Goal of the exercise
Starting with the line that holds "- Cabañas totalmente" and stopping after the line that holds "Ducati Scrambler Sixty2", repeat the lines below word for word, without the pictures.

(Entries taken from a collection)
┌──

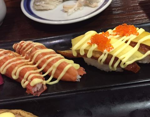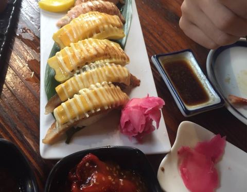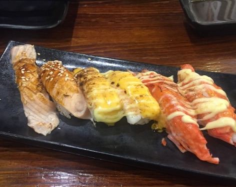 好久没有来 东西还是久违的好吃1# 皇帝蟹棒加芒果鳗鱼 蟹棒的刚好搭配芒果鳗鱼的酸甜2#牛立方 当一口的牛肉遇上五成熟口水直流3#盐烧三文鱼骨香脆可口·相比起其他的日料来说 这家挺满意
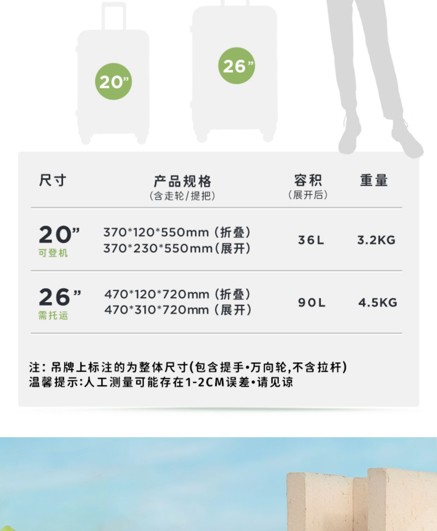 CONWOOD小木 可折叠旅行箱万向轮密码行李箱拉杆箱登机箱
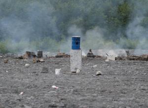 I arrived late on the day of the club meeting, so I only saw the end of the festivities. The club had pretty much run out of things to blow up (as well as ammunition to set off the explosions), but there were still a few things not in pieces. In the pictures on this page, you can see a couple of guys putting a 55-gallon drum on top of a refrigerator that had been a target earlier in the day. The drum holds what's left of the day's ration of explosives.
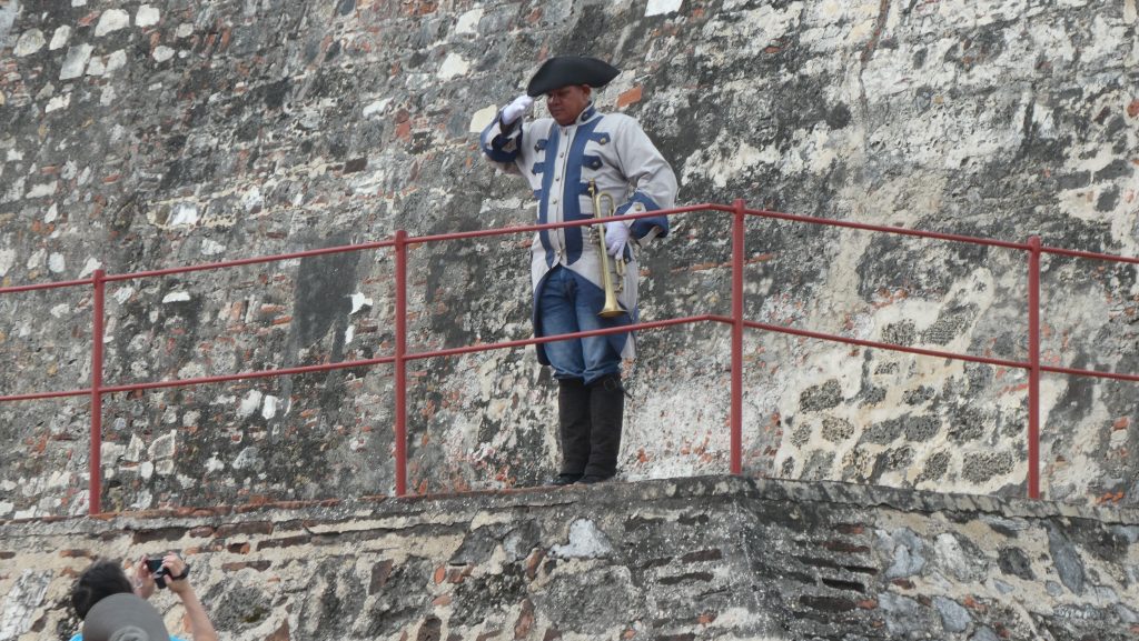 Omtrent 20 av oss møtte spent opp på kaia til en guidet tur.Guiden vår het Sam (egentlig noe helt annet på spansk som vi ikke forstod). Det viste seg at han var både kunnskapsrik og morsom. Både faren og bestefaren hans hadde vært guider i Cartagena. Han fortalte oss massevis av historier på vår busstur gjennom byen.Første stoppested var Fortress of San Felipe. Det er bygget av italienske ingeniører. Både fortet og muren rundt byen. Det er mange som har forsøkt å ta Cartagena fra spanjolene. USA, Nederland, England og Frankrike.Vi hadde flere stopp på veien opp til toppen av fortet. Sam fortalte villig vekk. Særlig om engelskmennene under admiral Vernon. De led et grusomt nederlag og Cartagena har aldri senere blitt forsøkt erobret. Da engelskmennene ikke klarte å ta Cartagena sjøveien, prøvde de over land. Rundt Cartagena i 1741 var det sumpland, bebodd av millioner på millioner av malariamygg.Admiral Vernon hadde 24 tusen mann til disposisjon. Cartagena hadde 6.000 inkludert slaver og indianere. Tusenvis av engelske soldater døde av malaria og dysenteri, så man må jo si at naturen hjalp Cartagenas store helt, Don Blas de Lenzo, til seier. Dette fortet er et imponerende byggverk og ingeniørkunst.Det er massevis av slike tuneller på kryss og tvers i borgen. Litt klaustrofobisk kan man si. De hadde også blindveier for å villede fienden.Heldigvis lå det ingen soldater og ventet på disse turistene. Tom, Di, Chris og Carol kom alle velberget ut av en av tunnelene.Vi ble selvfølgelig hilst av soldater kledd tidsriktig. Med reveljer og det hele.Øverst opp var det vakthus. Denne kjekkasen fikk nesten ikke plass. Tror nok spanske soldater for 3-400 år siden var ganske mye mindre enn vikinger fra 2019.
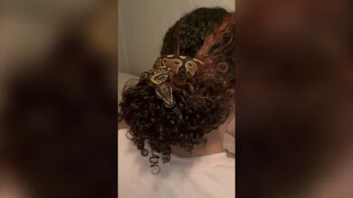 Esta mujer no necesita preocuparse si se le acaban los accesorios para el cabello porque puede usar su serpiente pitón como sustitución perfecta de coletero.
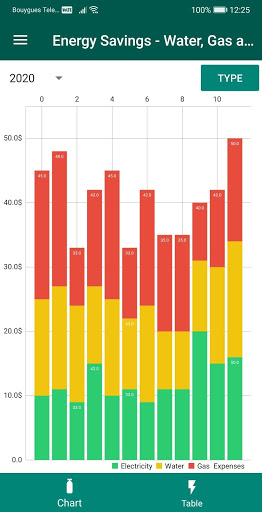With Energy Money Saver, you can also track your energy consumption month by month so you can understand with charts and tables how much resources you use and which ones cost you the most.
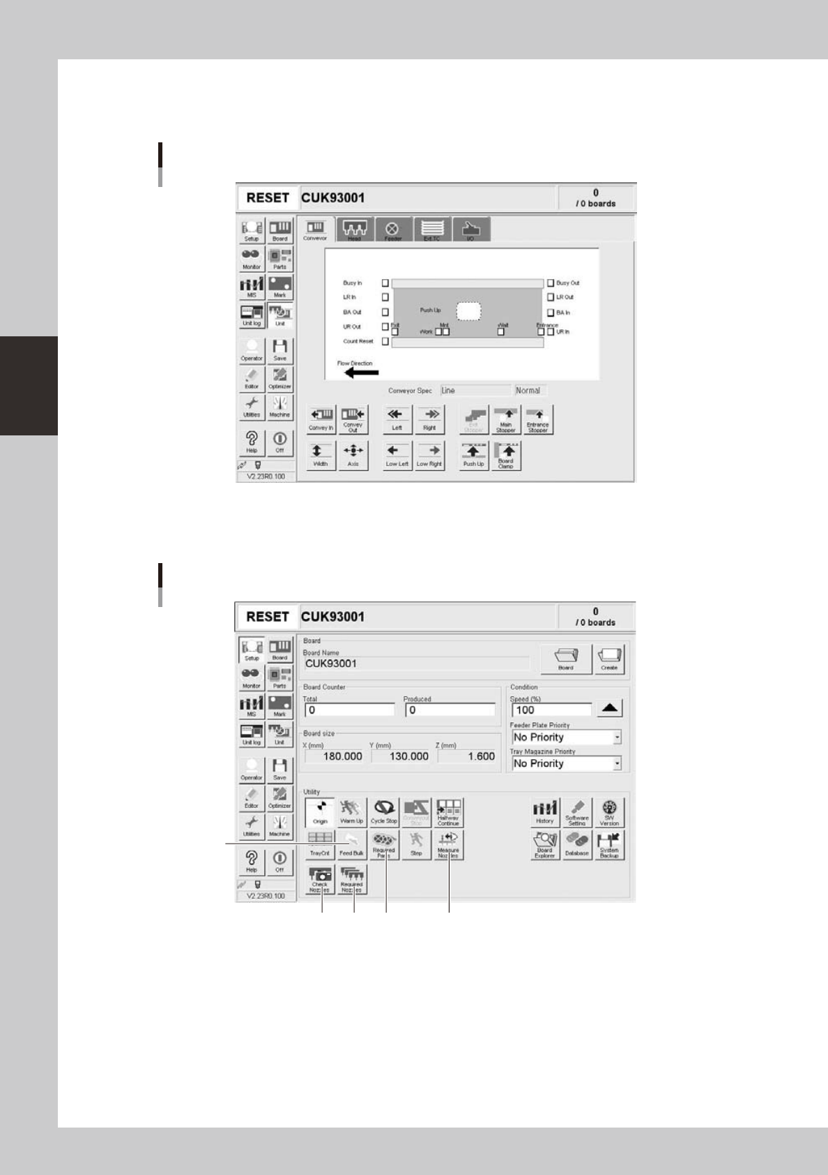 the board. For further details, refer to "3.4 Adjusting the convey unit setup" in Chapter 2.
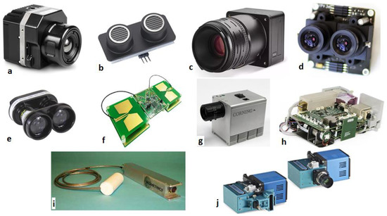 無(wú)人機(jī)04 00034 g004 550 圖4. 采礦無(wú)人機(jī)上常用傳感器的示例:(a)紅外傳感器[ 123 ],(b)超聲傳感器[ 124 ],(c)RGB攝像機(jī)[ 125 ],(d)立體攝像機(jī)[ 126 ],(e)激光測(cè)距儀[ 126 ],(f)超寬帶雷達(dá)(UWB)[ 127 ],(g)高光譜傳感器[ 128 ],(h)磁傳感器[ 129 ],(i)氣體探測(cè)器[ 130 ], (j)可見(jiàn)和近紅外光譜范圍(VNIR)[ 131 ]。
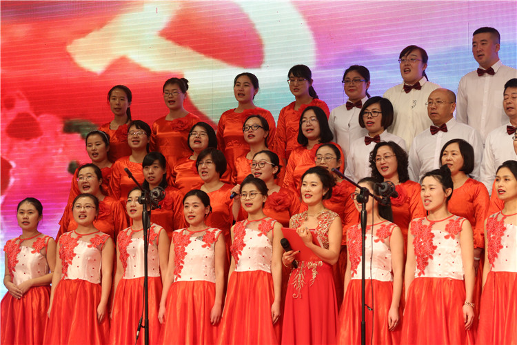 《我们走在大路上》,信息与艺术设计系党总支合唱队带来的红色经典歌曲,男女朗诵、大合唱、小领唱的多样形式让人眼前一亮;建筑工程系党总支合唱队的《爱我中华》,鲜艳的民族服装和赏心悦目的伴舞,惊艳全场;会计系党总支合唱队的《中国,中国,鲜红的太阳永不落》,我的祖国,是浩荡的黄河长江、优雅的唐诗宋词、迷人的楷书狂草,唱你千遍万遍还是喜欢;机关党总支第一合唱队演唱的《再唱山歌给党听》、《保卫黄河》,饱满的情绪、新颖的轮唱、优美的舞姿、振奋的宣言,掀起全场新的高潮,赢得阵阵掌声;机关党总支第三合唱队的《不忘初心》,强大的演唱阵容给观众留下深刻印象,两个小朋友的加盟助演,萌翻温暖现场听众;比赛在机电工程系党总支合唱队的《歌唱祖国》的豪迈歌声中落下帷幕。
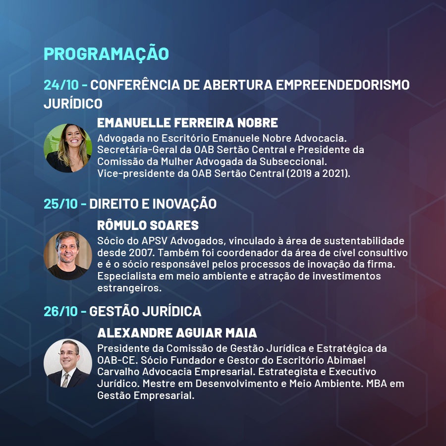 Confira a programação completa com os respectivos palestrantes:
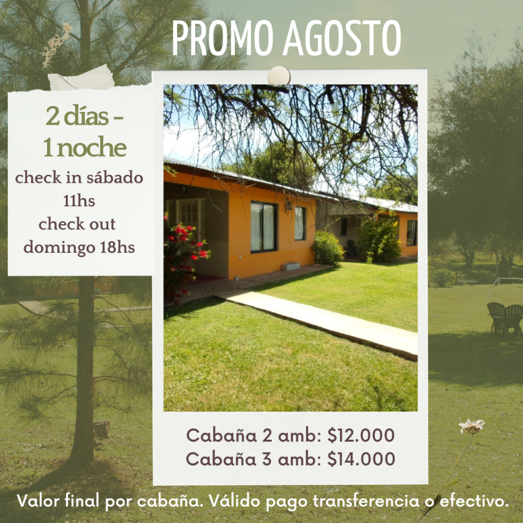 - Cabañas totalmente equipadas, hasta 5 personas.
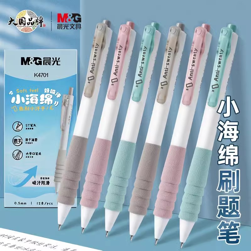 晨光K4701按动中性笔小海绵ST笔头黑色学生专用高颜值速干刷题笔
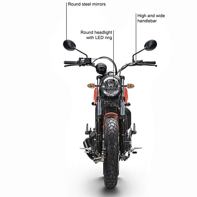 Ducati Scrambler Sixty2 โดดเด่นด้วยสีส้มสวยสด ไฟหน้าทรงกลมมีวงแหวน LED ส่องเวลากลางวัน มาพร้อมตัวถังแบบคลาสสิก เปลือยส่วนเครื่องยนต์ให้เห็นระบบ L-twin อันเป็นเอกลักษณ์ของดูคาติ ไฟท้าย LED
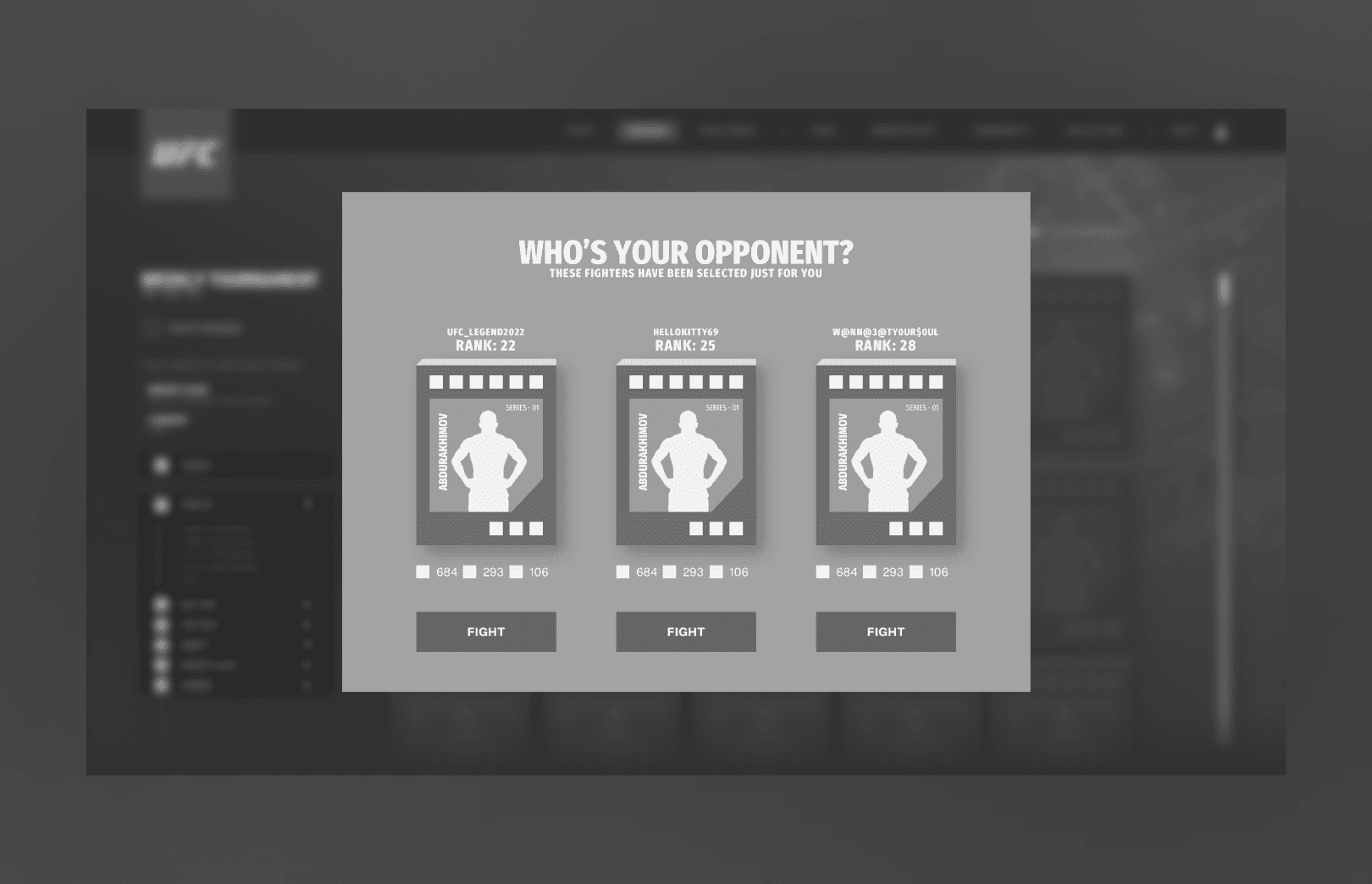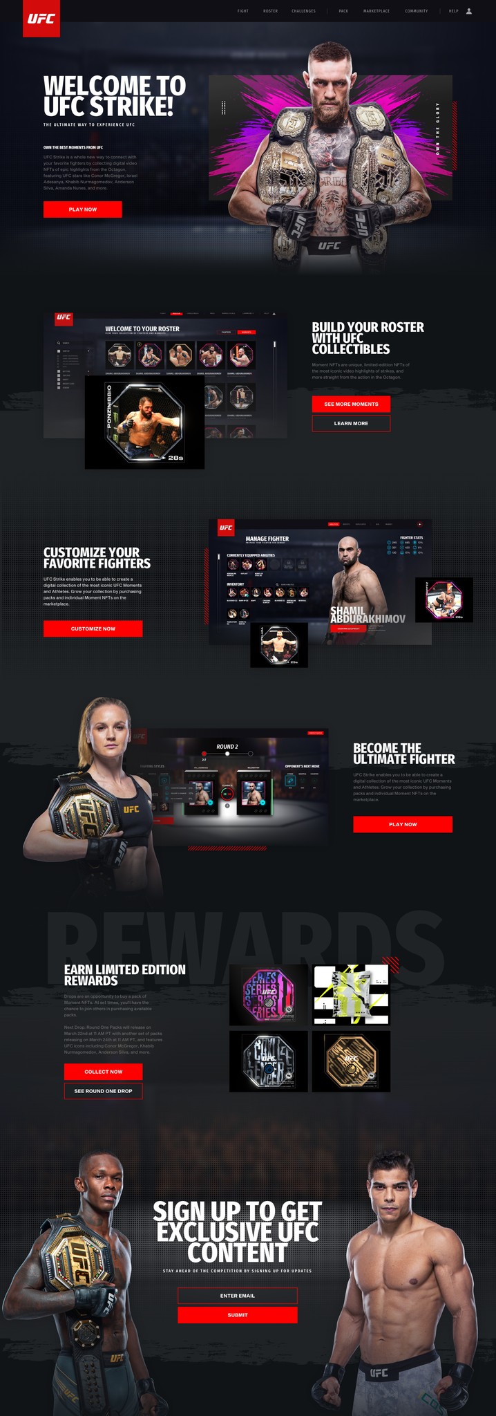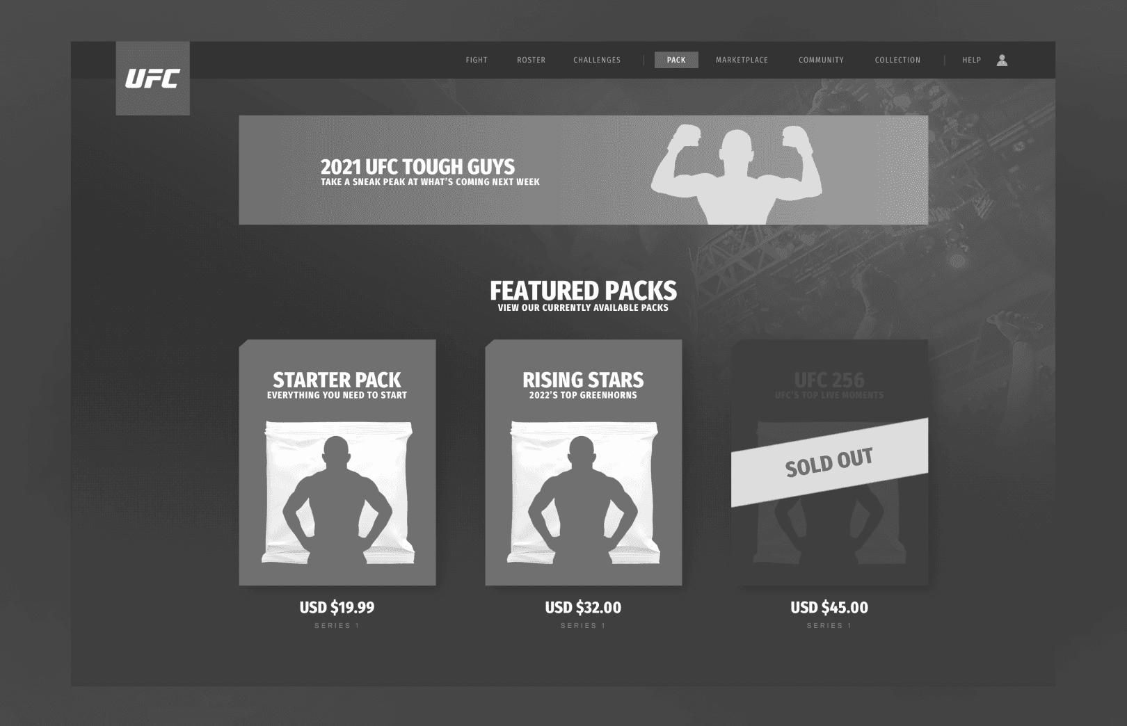 To kick off the project and generate early excitement, I designed a conceptual home page that captured the energy and potential of UFC Strike. This screen wasn’t intended as final production UI, instead it served as a visual north star to communicate the game’s direction, feature pillars, and aesthetic to internal stakeholders, marketing leads, and external partners. Using a mix of placeholder assets and rapid layout exploration, the goal was to convey what a player might feel upon entering the game: impact, energy, and a sense of collectible value rooted in UFC’s brand DNA.
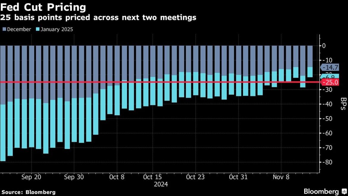 Late Friday, traders priced about a 56% chance the Fed will deliver a quarter-point reduction at its December meeting, down from 80% earlier this week. Bets on cuts were pared after Powell warned Thursday that the central bank may take its time easing policy.
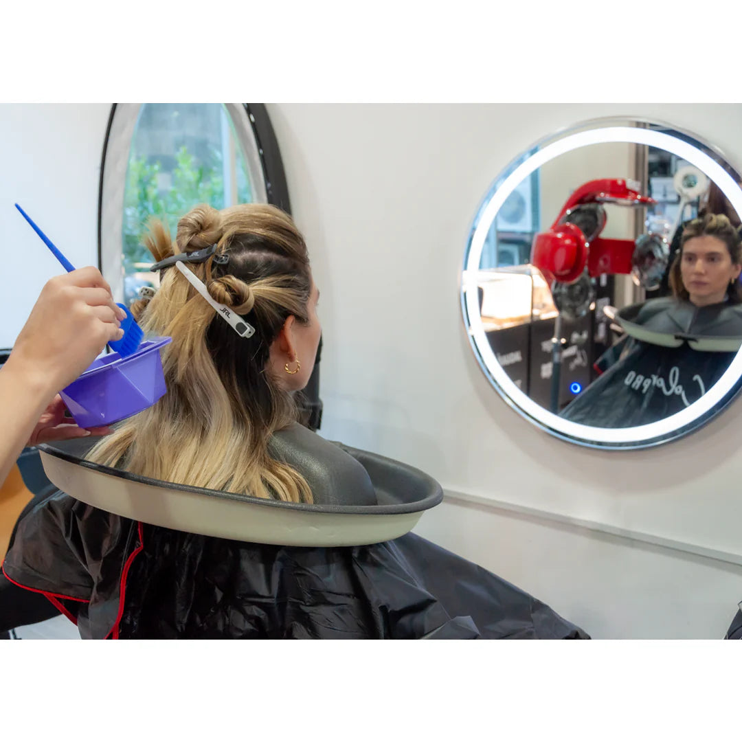 Es fácil de limpiar y muy higiénica, evita irritaciones en la piel al prevenir que los productos químicos escurran por la piel. Es ideal tanto para salones como para domicilios.
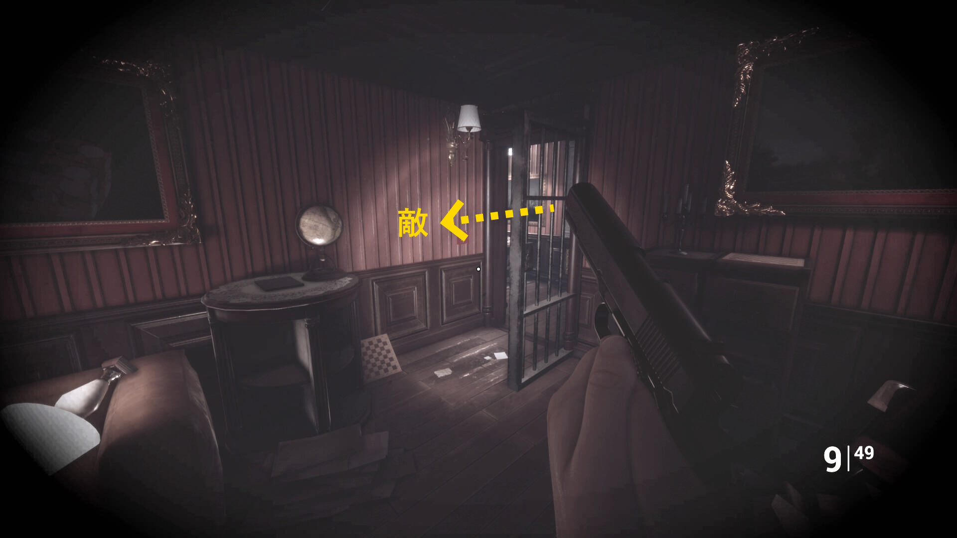 • 壁掛け時計(セーブポイント)近くのドアを開けて、中の敵2体をキル
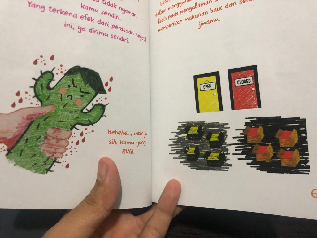 Selain tulisannya yang unik, buku ini juga memiliki cukup banyak ilustrasi yang digambar menyerupai krayon yang bikin mata aku adem liatnya. Aku secara personal memang suka menggambar, jadi liat gambar-gambar seperti ini bikin refresh otak aja gitu rasanya. Selain itu, buat teman-teman yang punya kesulitan untuk baca buku, bisa banget nih coba baca buku ini karena dari gambar-gambar tersebut juga mempresentasikan apa yang sedang dibicarakan di halaman tersebut. Oh iya, ini aku buat ulasan sekadar mau sharing aja siapa tau bisa bermanfaat, bukan karena aku mau marketing bukunya sama kalian lho, hahaha 🤪

└──

Worked solution
 - Cabañas totalmente equipadas, hasta 5 personas.
 晨光K4701按动中性笔小海绵ST笔头黑色学生专用高颜值速干刷题笔
 Ducati Scrambler Sixty2 โดดเด่นด้วยสีส้มสวยสด ไฟหน้าทรงกลมมีวงแหวน LED ส่องเวลากลางวัน มาพร้อมตัวถังแบบคลาสสิก เปลือยส่วนเครื่องยนต์ให้เห็นระบบ L-twin อันเป็นเอกลักษณ์ของดูคาติ ไฟท้าย LED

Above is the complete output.